The Antibiotic Resistance and Prescribing in European Children Project: A Neonatal and Pediatric Antimicrobial Web-based Point Prevalence Survey in 73 Hospitals Worldwide

BACKGROUND: The neonatal and pediatric antimicrobial point prevalence survey (PPS) of the Antibiotic Resistance and Prescribing in European Children project (http://www.arpecproject.eu/) aims to standardize a method for surveillance of antimicrobial use in children and neonates admitted to the hospital within Europe. This article describes the audit criteria used and reports overall country-specific proportions of antimicrobial use. An analytical review presents methodologies on antimicrobial use.

METHODS: A 1-day PPS on antimicrobial use in hospitalized children was organized in September 2011, using a previously validated and standardized method. The survey included all inpatient pediatric and neonatal beds and identified all children receiving an antimicrobial treatment on the day of survey. Mandatory data were age, gender, (birth) weight, underlying diagnosis, antimicrobial agent, dose and indication for treatment. Data were entered through a web-based system for data-entry and reporting, based on the WebPPS program developed for the European Surveillance of Antimicrobial Consumption project.

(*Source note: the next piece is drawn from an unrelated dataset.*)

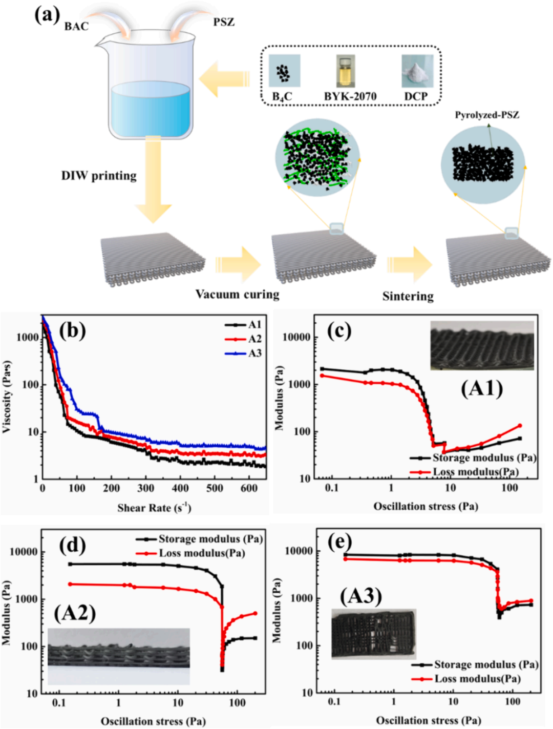 圖1,(a) B4C 油墨制備 B4C 基蜂窩陶瓷工藝示意圖;(b) A1、A2 和 A3 油墨的粘度隨剪切速率的變化;(c)、(d)、(e) 不同 B4C 濃度的 B4C 油墨的模量和印刷單塊:66 wt% (A1)、68 wt% (A2)、70 wt% (A3)。

RESULTS: There were 2760 and 1565 pediatric versus 1154 and 589 neonatal inpatients reported among 50 European (n = 14 countries) and 23 non-European hospitals (n = 9 countries), respectively. Overall, antibiotic pediatric and neonatal use was significantly higher in non-European (43.8%; 95% confidence interval [CI]: 41.3-46.3% and 39.4%; 95% CI: 35.5-43.4%) compared with that in European hospitals (35.4; 95% CI: 33.6-37.2% and 21.8%; 95% CI: 19.4-24.2%). Proportions of antibiotic use were highest in hematology/oncology wards (61.3%; 95% CI: 56.2-66.4%) and pediatric intensive care units (55.8%; 95% CI: 50.3-61.3%).

CONCLUSIONS: An Antibiotic Resistance and Prescribing in European Children standardized web-based method for a 1-day PPS was successfully developed and conducted in 73 hospitals worldwide. It offers a simple, feasible and sustainable way of data collection that can be used globally.